A higher resolution would be great, but it’s not absolutely necessary – the laptops featuring them are also quite expensive right now.

The panel manufacturer

When looking at a traditional TN panel (the standard technology that most laptops and monitors use), you should pay attention to the manufacturer – AU Optronics and LG panels have the highest quality, while Samsung and Chi Mei/Innolux often have some issues (although Samsung has improved a lot lately). You should avoid panels from lesser known companies altogether to save yourself time and money.

The easiest way to view the panel manufacturer on Windows is to go into Control Panel -> Device Manager -> Monitors, select the display and click on Properties -> Details -> Hardware IDs.

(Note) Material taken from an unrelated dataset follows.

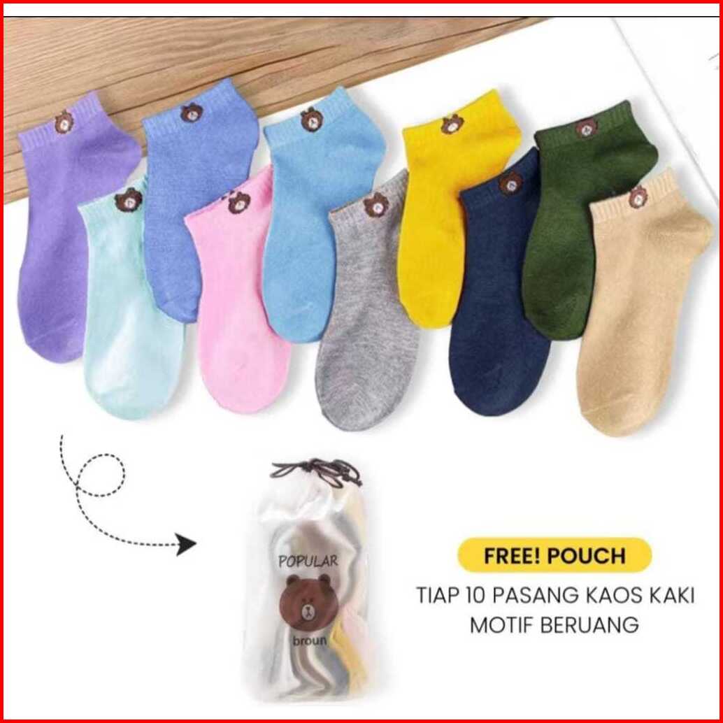 10 Pasang Free Pouch 10 Pasang Kaos Kaki Bear Free Pouch Kaos Kaki Beruang Pendek 10 Pasang Mix Warna
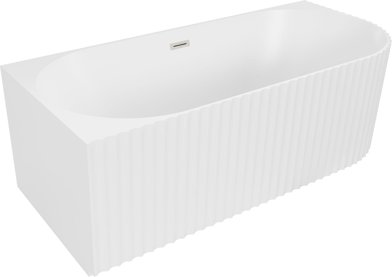 Mexen Gia freestanding corner grooved bathtub left 170 x 80 cm, white matte, brushed nickel overflow - 52701708001L-97

You should be able to see the panel number, which often has the manufacturer in it, but if not, a quick Google search will reveal it.

Obviously, if you can get a laptop with an IPS screen, it would be the best choice – IPS screens are able to display a much wider range of colors, and they have better viewing angles, too. This is what Apple uses on their MacBook Pros, which are considered the golden standard for creative work on the go.

The main issue is the price, but if it’s close to your budget, you can even save on other components if you can get an IPS screen.


The processor and RAM

The performance of your laptop when working with graphics is affected by pretty much every major component, but the main ones are the processor and the RAM.

When it comes to the processor, I highly recommend you go with a quad core Intel Core i7 – nothing else matches them in performance, and thankfully, even the lower end models (like the i7-3720QM, i7-4700MQ or the i7-5700hq) are good enough even for heavy editing.

While the low power i7 processors (models ending with a “U”, like the i7-5500U) can do the job, I do not recommend them for any serious work – they are mostly used in Ultrabooks and lower end laptops, and they are often paired with a small heatsink, which also leads to heat issues.

You should get as much RAM as possible – 8GB is the minimum I recommend for photography work, with 16GB being a very welcome upgrade. Thankfully, it’s really easy to upgrade the RAM on most laptops, and you can get 2x8GB sticks for quite cheap nowadays. The RAM speed is not all that important, even 1333 MHz RAM can do the job just fine – it would be much better to get an SSD instead of paying for higher frequency RAM.

The hard drive and GPU

Speaking of which, a hard drive may be good enough for most tasks, but an SSD will make things much faster. The best way to go would be to get an SSD and a HDD – it’s easy to do if you have a laptop with two hard drive bays, but if you don’t, you can swap out the optical drive for a HDD caddy – worst case scenario, you can buy an external enclosure for the optical drive. An external HDD is fine, but only when using USB 3.0, and even an internal drive connected directly to the SATA port is preferable.

And last, but not the least – the video card. Despite what a lot of people believe, GPU acceleration is quite rarely used, and even the integrated graphics on the i7 processors can do the job. Nevertheless, even a low end dedicated GPU will be beneficial, since it will reduce the load on the processor (allowing it to run at higher TurboBoost speeds) and the RAM (no need to share the main RAM with the GPU).

Don’t forget to calibrate

Once you set up your laptop, you’ll most definitely want to calibrate the display!

Even the best screens can often be non-calibrated, which is why it’s often pointless to judge the quality of the display by just looking at it.

Calibration does wonders for most displays, especially if you can get a hold of a good calibrator. If not, you should still calibrate it by hand (or should I say, by eye) to get more accurate colors on your display.


Using laptops for photo editing is no longer a taboo even for seasoned professionals – in fact, a lot of traveling photographers have already switched to a fully mobile setup. With a laptop and a tablet, for example, you can even have a nice multi monitor setup wherever you go, which can make things a lot easier and make you more productive.

Just make sure you get the best hardware you can for your budget and you’ll be good to go as soon as you unpack the laptop and install your editing software!